To assess the regulatory effects of IFNγ on PD-L1 and PD-L2, we exposed the MC38 mouse CRC cell line to varying concentrations of IFNγ. Flow cytometry revealed a dose-dependent increase in the cell surface expression of both PD-L1 and PD-L2 following IFNγ exposure (Figures 2A, B and Supplementary Figure S1). Consistent with these findings, the induction of PD-L1 and PD-L2 at both the mRNA and protein levels was confirmed through quantitative PCR (qPCR) and Western blot analysis, respectively (Figures 2C, D). These data imply that the upregulation of PD-L1 and PD-L2 on tumor cells in response to immune cell-secreted IFNγ may represent a critical immune evasion strategy in CRC.

Figure 2

Figure 2. IFNγ-mediated induction of PD-L1 and PD-L2 in CRC cells. (A, B) Flow cytometric analysis of surface expression levels of PD-L1 (A) and PD-L2 (B) in the MC38 mouse CRC cell line following IFNγ treatment. (C) qPCR analysis depicting the induction of PD-L1 and PD-L2 mRNA expression in MC38 cells in response to IFNγ. (D) Western blot analysis confirming the increased expression of PD-L1 and PD-L2 proteins in MC38 cells upon IFNγ exposure. The relative grayscale value of bands probed with anti-PD-L1 and anti-PD-L2 antibodies was normalized to β-actin levels within each sample set. Data from the PBS-treated control group are normalized to a value of 1. Error Bars: Presented as mean ± standard error of the mean (SEM) for all data points in this figure. Statistical significance was determined using a two-tailed unpaired t-test. n.s., not significant; *, P < 0.05; **, P < 0.01.

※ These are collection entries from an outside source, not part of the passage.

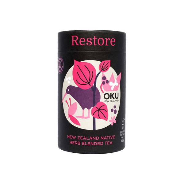 OKU NZ Restore NZ Native Herb Blended Tea brings together a remarkable blend of NZ Native herbs that combine Kawakawa, Karamu, Manuka and Kumarahou. These are combined with the spiciness of cinnamon and nettle leaf that is well known in herbal folklore. Together these herbs create a truly unique combination.
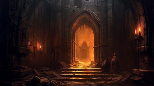 under catacombs , black door with rusty chiain abstract bones walls , dark ,arms , impaled people, small fire light in the dark, demonic monsters , Cleric fighter , combat with light versus demon , style diablo 1 video game ,Cleric pryest with book and mace combat versus dark demon with chains, catacombs gothic backgrounds, impalated enemys , videogame isometric view 2.5d --v 5.1 --ar 16:9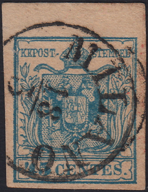 1850 - I emissione c. 45 azzurro III tipo usato MILANO 1/7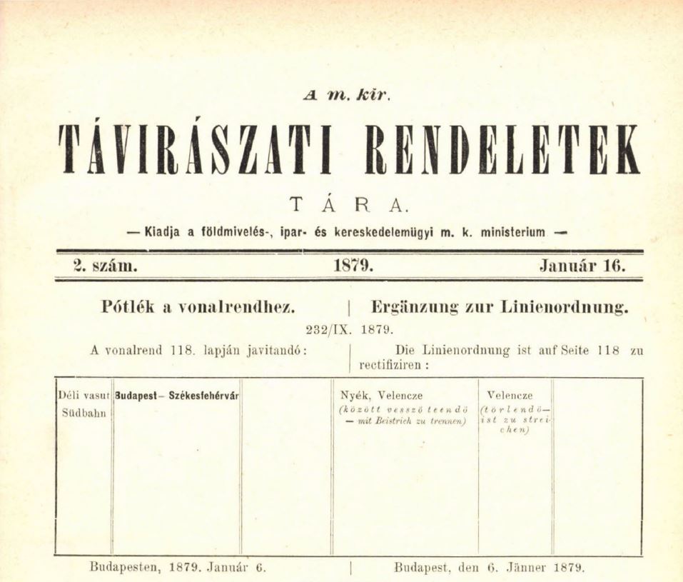 Összegezve: A tó déli partjának vasútja viszonylag korán rendelkezett távíróval, de egyelőre nem tisztázott, pontosan mikortól. A hivatkozott közlöny 1850-től számos részletében, hatósági úton szabályozta a távíró lakossági szolgáltatási díjait, azok illetékességi körzetét, a közlés és kézbesítés díjszabását.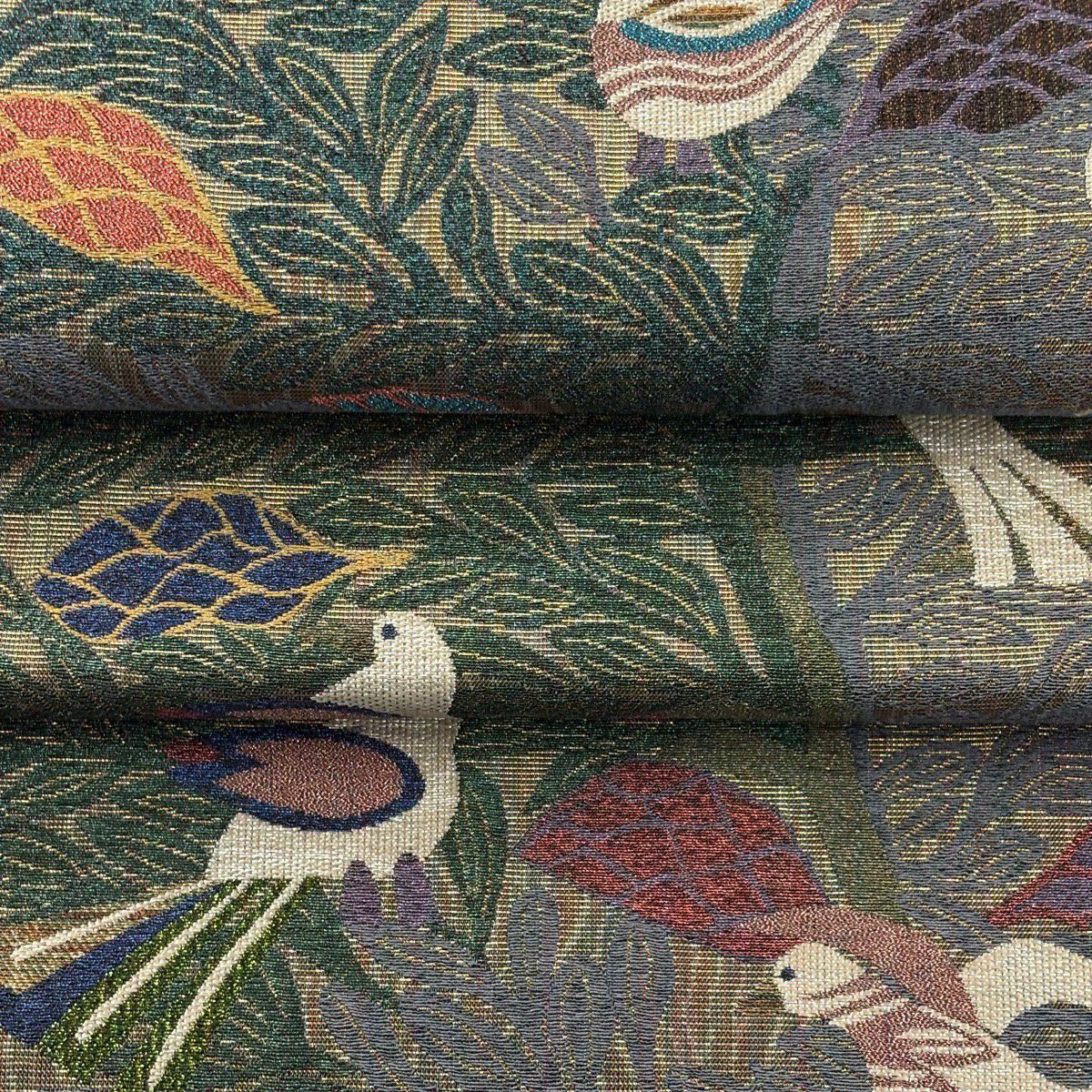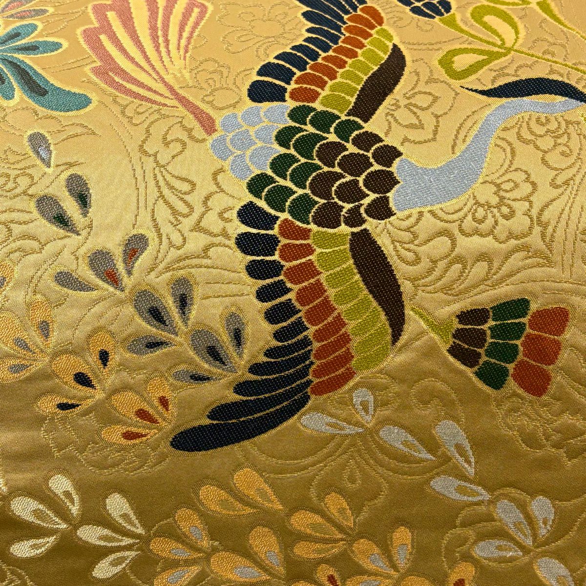 【美品】 袋帯 逸品 落款あり 鳥 樹木 金糸 箔 金色 六通 正絹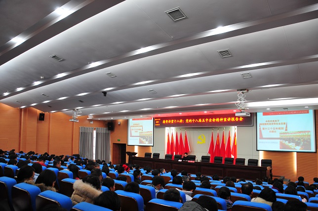 (本网讯) 1218下午,省委宣讲团“党的十八届五中全会精神”宣讲报告会在逸夫图书馆报告厅举行,省委宣讲团成员、省委宣传部理论处处长,湖南省青年社科委副主任,殷晓元博士应邀主讲,这也是我校德智讲堂第十八讲。在家的校领导、全校副科级以上干部、学生辅导员、学生党员代表、马克思主义学院全体教师参加。学校党委书记李建华主持报告会
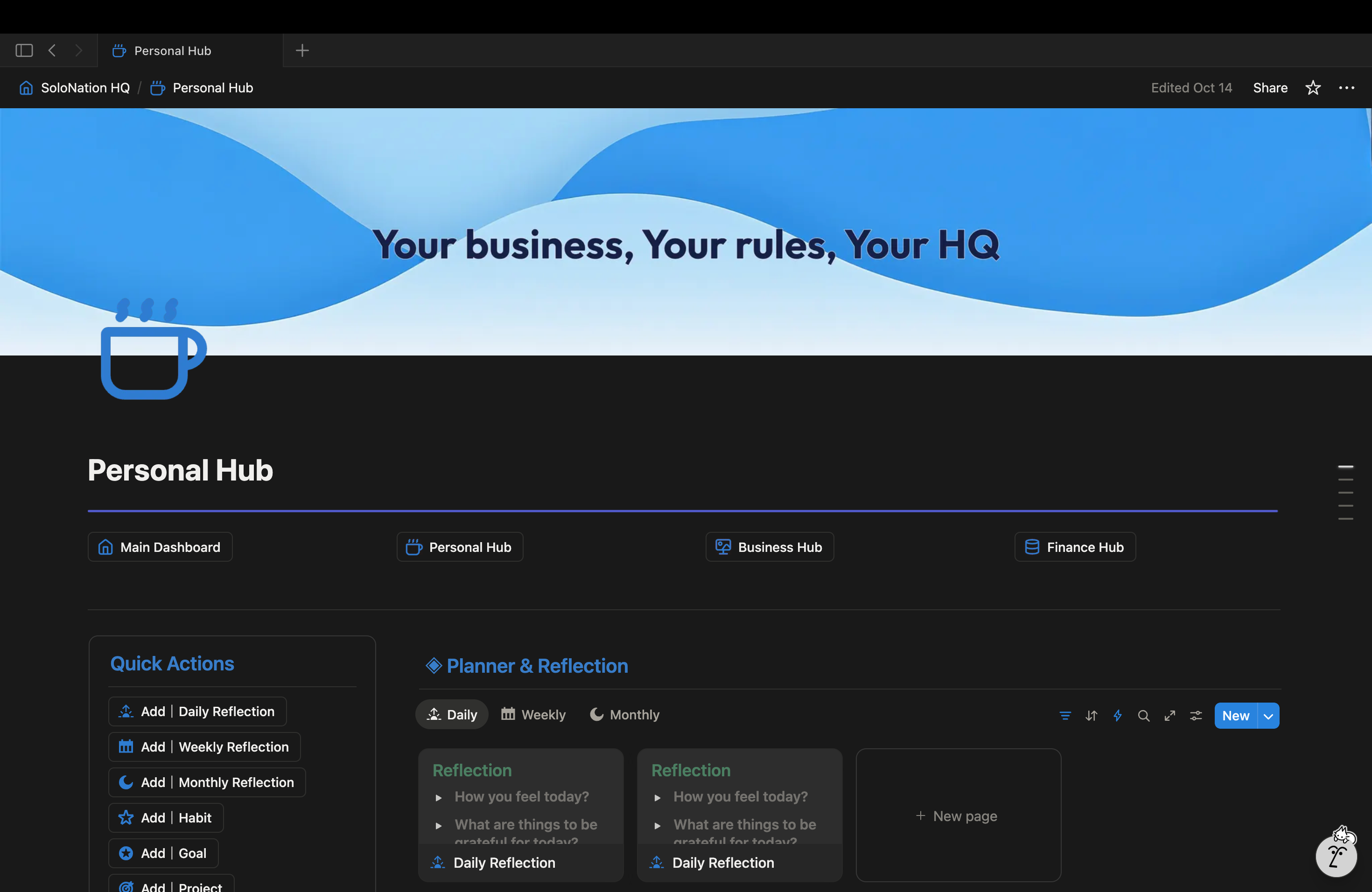 A sleek, intuitive Notion workspace that brings your business and personal life together — everything in one clean dashboard.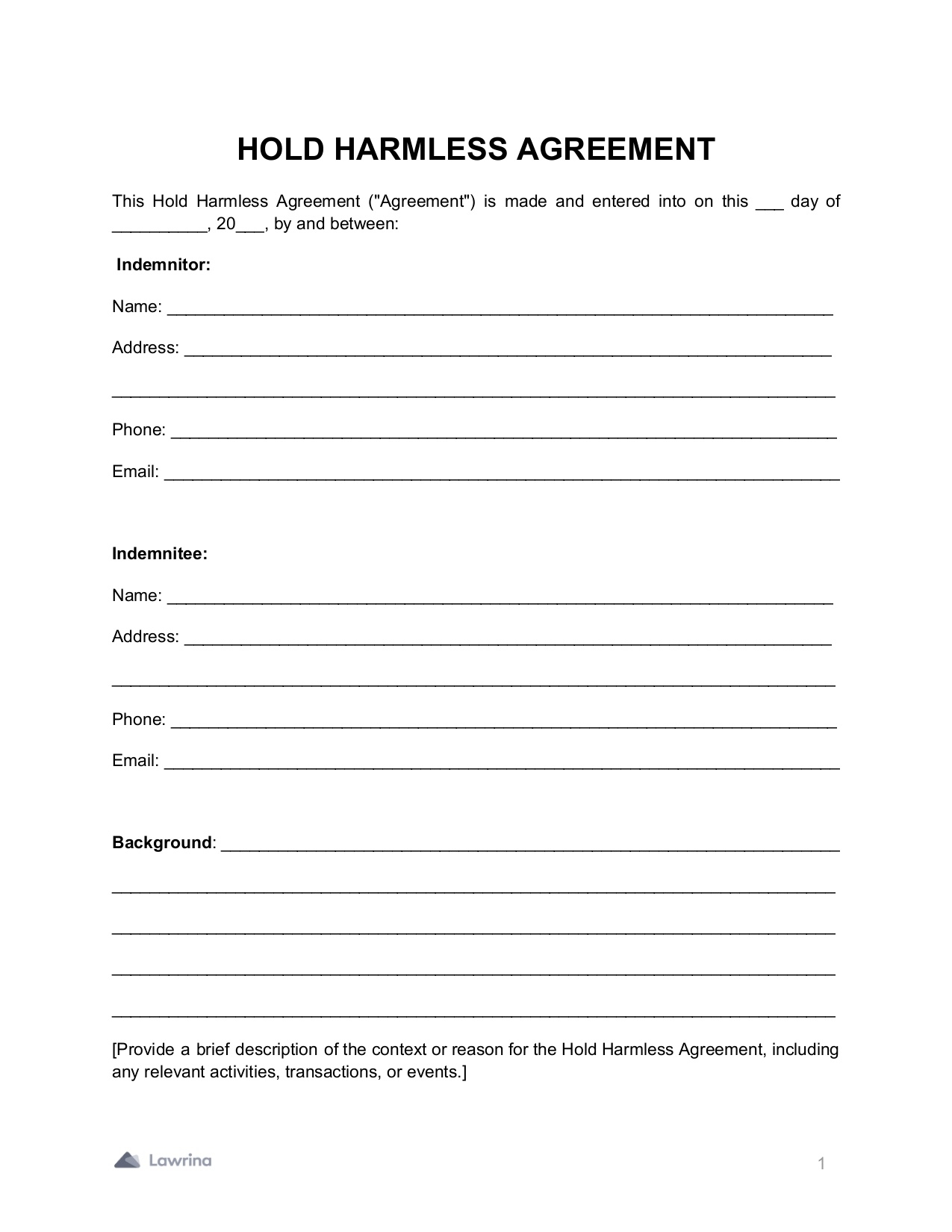 40 Hold Harmless Agreement Templates Free TemplateLab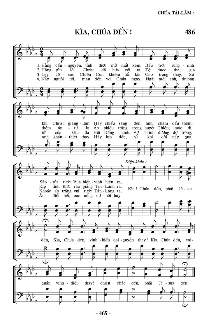 1. Hằng cầu nguyện, tỉnh thức mở mắt xem, Bầu trời rung rinh khi Christ giáng - lâm. Hãy chiếu sáng đèn linh, châm dầu thêm, vì khi đời nầy qua. 2. Hằng gìn lời Christ đã hứa với ta, Tội được tha, gia thêm ân tứ lạ. Áo phiếu trắng trong huyết Chiên, mặc đi, vì khi đời nầy qua. 3. Lạy Jê-sus, Chiên Con khiêm tốn kia, Cao trọng thay, Sư-tử của Giu-đa! Hỡi Đấng Thánh, Vợ Trình đương đợi trông, vì khi đời nầy qua. 4. Nầy người tội, mau đến với Chúa ngay, Ngài mời anh, thương thiết thay. Hãy kíp đến, vì khi đời nầy qua. Điệp khúc: Sắp sửa rước Vua hiển - vinh hiện ra. Kíp tỉnh - thức rao - giảng Tin - Lành ra. Khoác áo trắng vui rước Tân - Lang ta. Ân - điển hết, oan - uổng cơ - hội hay. Kìa! Chúa đến, phải Jê-sus đến, Kìa, Chúa đến, vinh - hiển oai - quyền thay! Kìa, Chúa đến, cai - quản vinh - diệu thay! Christ chắc đến, phải Jê-sus đến.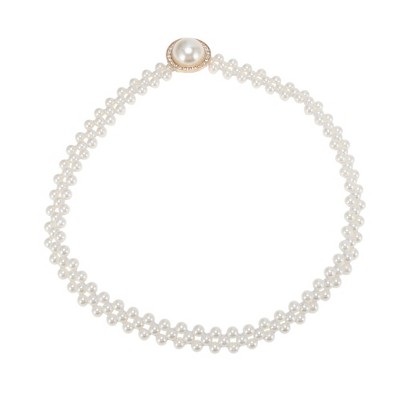 Unique Bargains Pearls Bow Adjustable Waist Belt Beige 1 Pc

3.3 Independent action of PD-L1 and PD-L2 as immune checkpoints in CRC progression

To explore the synergistic influence of PD-L1 and PD-L2 on CRC prognosis, we analyzed clinical data from the TCGA database. Our examination revealed that both PD-L1 and PD-L2 are frequently amplified in various human cancers, with an overall amplification mutation rate of 1-4% among cancer patients (Figure 3A). The expression analysis revealed that patients with MSI-H CRC exhibit significantly elevated expression of both PD-L1 and PD-L2 compared to their MSS counterparts, highlighting a distinct immunological profile associated with the MSI-H subtype (Figure 3B). Survival analysis demonstrated a significant correlation between high expression levels of PD-L1 and PD-L2 and reduced survival outcomes for both MSI-H and MSS CRC patients (Figure 3C and Supplementary Figure S2). To elucidate the spatial relationships of PD-L1 and PD-L2 within the tumor microenvironment, we conducted multicolor immunohistochemical analysis on tissue sections from both MSI-H MC38 cell-derived mouse tumors and human CRC samples using tyramide signal amplification (TSA) approach. Obviously, PD-L1 and PD-L2 exhibited distinct patterns of distribution across tumor tissues (Figure 3D). This observation was corroborated by flow cytometry, which seldom detected co-expression of PD-L1 and PD-L2 on tumor cells (Figures 3E, F). In the case of tumors derived from MC38 cells with stable TagRFP657 expression, our analysis revealed that the majority of PD-L2⁺ cells in mouse tumors were also TagRFP657⁺, suggesting that PD-L2 is predominantly expressed on tumor cells (Figure 3E). Collectively, these findings imply that each immune checkpoint molecule plays a distinct and independent role in the progression of CRC.

Figure 3

Figure 3. Role of PD-L1 and PD-L2 as immune checkpoints in CRC progression. (A) Bar plot illustrating the proportion of patients with PD-L1 and PD-L2 amplification mutations among various cancer types. (B) Expression of PD-L1 and PD-L2 among CRC patients, stratified by microsatellite instability status. (C) Univariable Cox regression curves for overall survival of CRC patients, stratified by PD-L1 and PD-L2 expression levels and microsatellite instability status. (D) Multicolor immunohistochemical analysis of PD-L1 and PD-L2 on tissue sections from MC38 cell-derived mouse tumors and human CRC biopsies TSA approach. Green: TYR520-anti-PD-L1; Red: TYR570-anti-PD-L2; Blue: DAPI. (E) Flow cytometric analysis of PD-L1 and PD-L2 expression on mouse tumors derived from MC38 cells with stable TagRFP657 expression. The right chart depicting the proportion of TagRFP657⁺ tumor cells within PD-L2⁺PD-L1^- cells. (F) Statistic analysis of PD-L1⁺PD-L2^-, PD-L1^-PD-L2⁺ and PD-L1⁺PD-L2⁺ cells in tumors as identified by flow cytometry. Data were analyzed from 6 independent samples. Error Bars: Presented as mean ± SEM for all data points in this figure. **, P < 0.01.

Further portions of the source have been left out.